*** Data to process ***
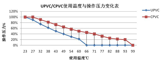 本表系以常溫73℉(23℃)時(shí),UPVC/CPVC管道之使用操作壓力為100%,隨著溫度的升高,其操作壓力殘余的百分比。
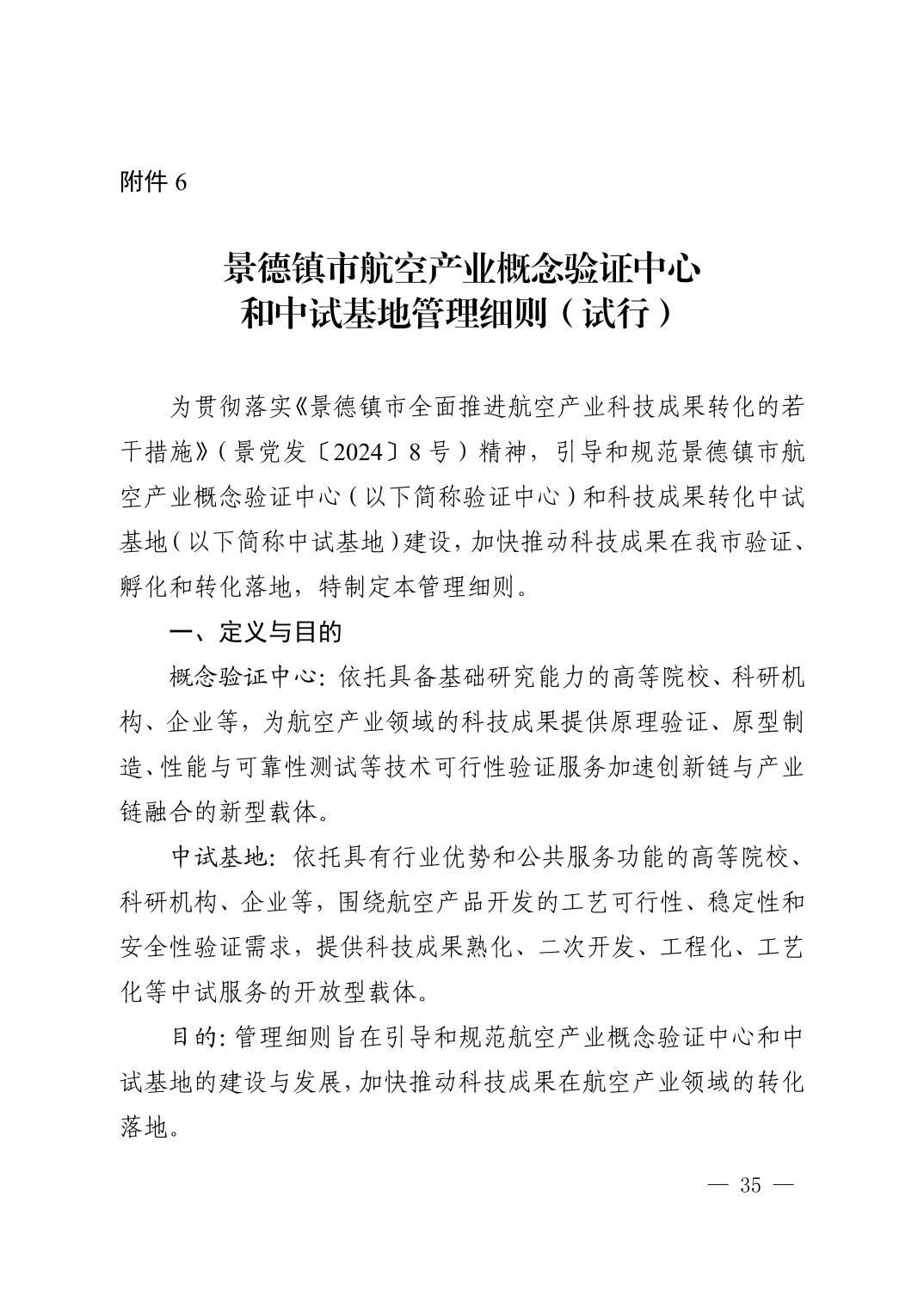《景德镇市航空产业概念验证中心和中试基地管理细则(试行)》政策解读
*** End of Data to process ***
*** Data to process ***
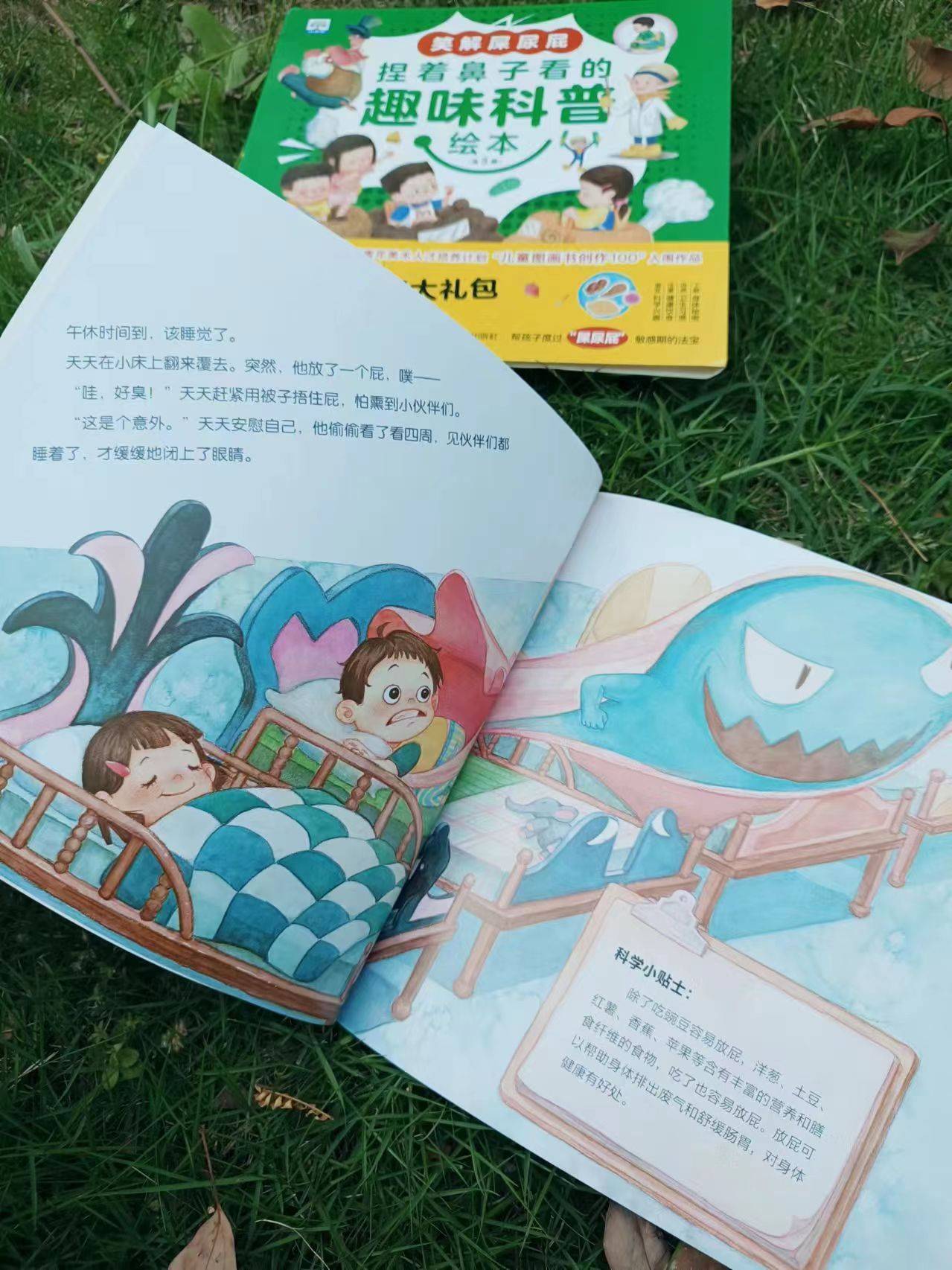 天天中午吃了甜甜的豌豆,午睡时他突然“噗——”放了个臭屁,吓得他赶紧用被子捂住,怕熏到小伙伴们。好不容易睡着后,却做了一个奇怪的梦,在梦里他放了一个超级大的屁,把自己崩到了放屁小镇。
*** End of Data to process ***
*** Data to process ***
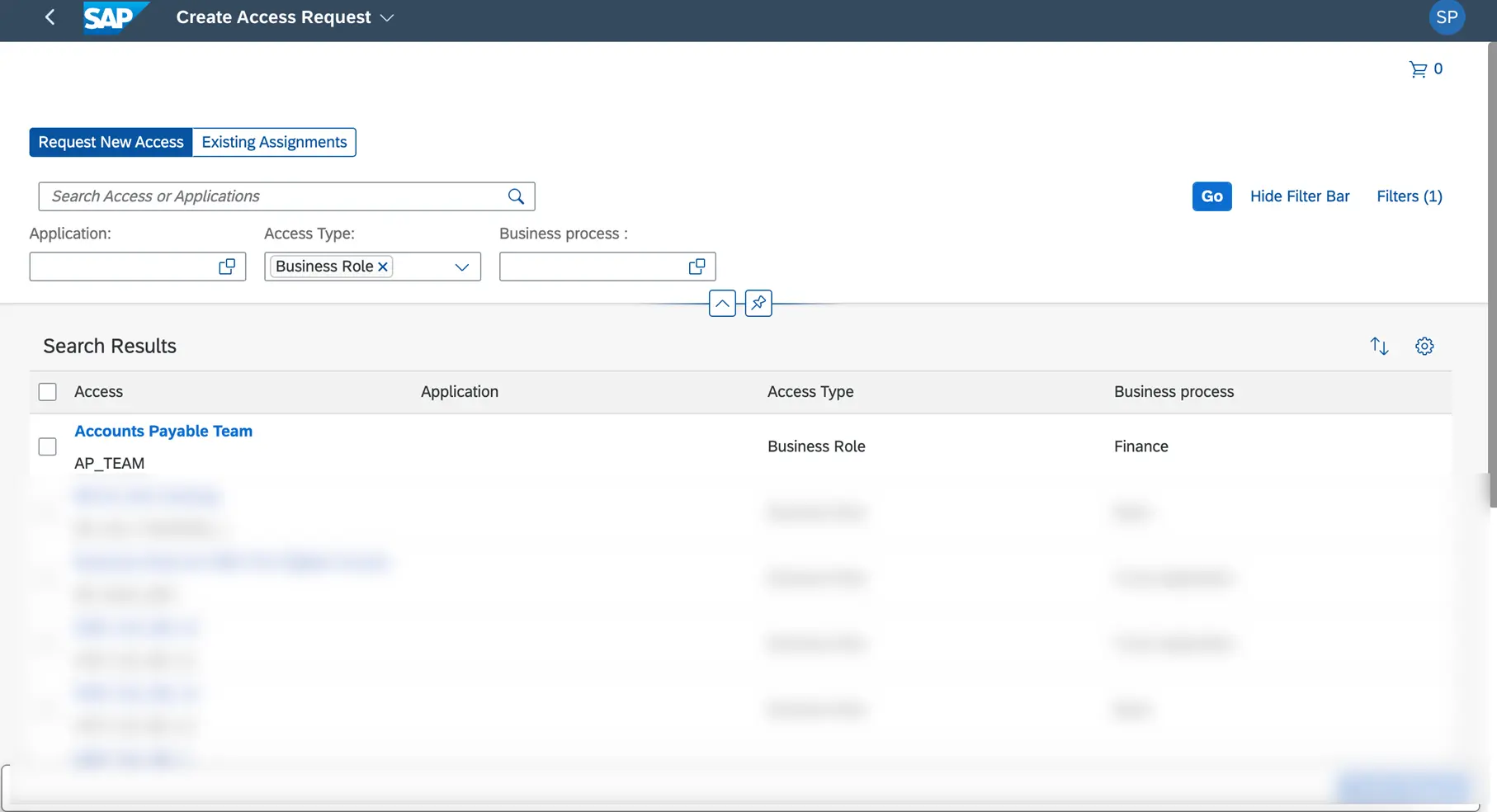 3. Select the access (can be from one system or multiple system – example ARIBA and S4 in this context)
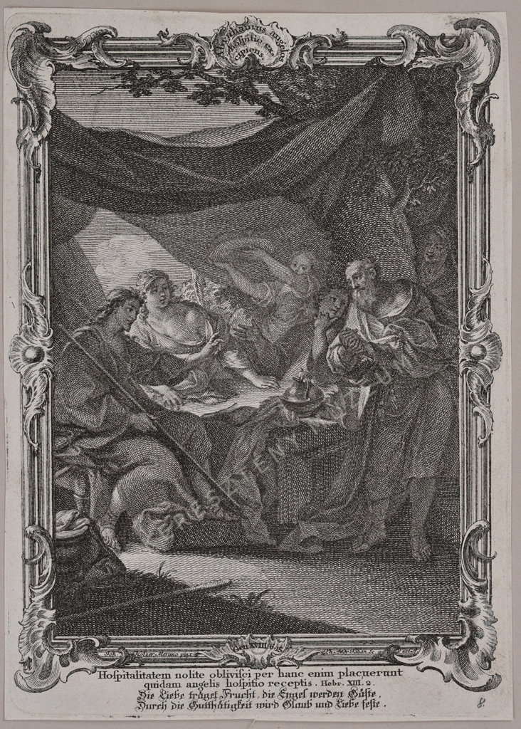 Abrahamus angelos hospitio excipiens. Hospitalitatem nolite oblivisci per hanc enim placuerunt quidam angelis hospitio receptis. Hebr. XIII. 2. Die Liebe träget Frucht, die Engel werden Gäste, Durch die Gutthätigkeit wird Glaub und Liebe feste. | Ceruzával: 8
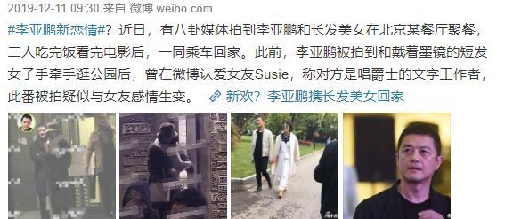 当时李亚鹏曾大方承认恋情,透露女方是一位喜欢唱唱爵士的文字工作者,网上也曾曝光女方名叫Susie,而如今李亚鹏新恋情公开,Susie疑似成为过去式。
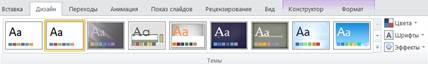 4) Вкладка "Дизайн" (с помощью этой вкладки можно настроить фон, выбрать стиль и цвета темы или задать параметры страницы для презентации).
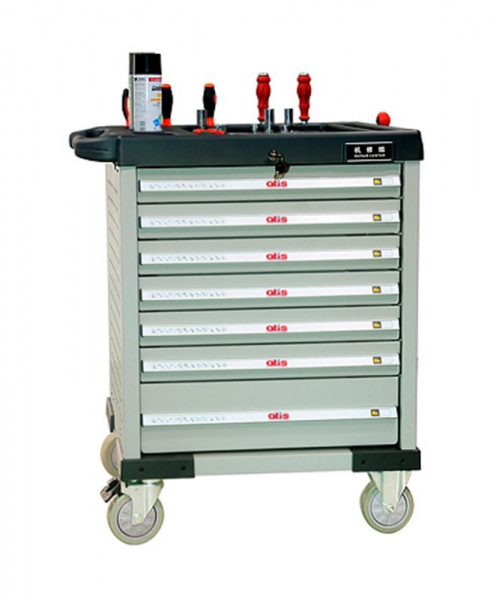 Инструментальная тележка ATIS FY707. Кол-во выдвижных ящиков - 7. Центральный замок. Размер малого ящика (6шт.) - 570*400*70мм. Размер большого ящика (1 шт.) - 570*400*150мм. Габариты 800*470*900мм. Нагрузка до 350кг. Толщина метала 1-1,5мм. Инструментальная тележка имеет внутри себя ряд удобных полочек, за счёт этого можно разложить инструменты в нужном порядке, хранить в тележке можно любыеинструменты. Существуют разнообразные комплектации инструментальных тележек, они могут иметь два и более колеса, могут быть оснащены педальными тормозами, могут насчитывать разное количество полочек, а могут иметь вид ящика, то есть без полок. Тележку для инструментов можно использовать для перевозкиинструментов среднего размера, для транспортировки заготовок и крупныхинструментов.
*** End of Data to process ***
#### Your assignment
From the records above, return exactly the lines running from the one that contains "当时李亚鹏曾大方承认恋情,透" down to the one that contains "страницы для презентации).", both included, without any pictures.

#### Solution
 当时李亚鹏曾大方承认恋情,透露女方是一位喜欢唱唱爵士的文字工作者,网上也曾曝光女方名叫Susie,而如今李亚鹏新恋情公开,Susie疑似成为过去式。
 4) Вкладка "Дизайн" (с помощью этой вкладки можно настроить фон, выбрать стиль и цвета темы или задать параметры страницы для презентации).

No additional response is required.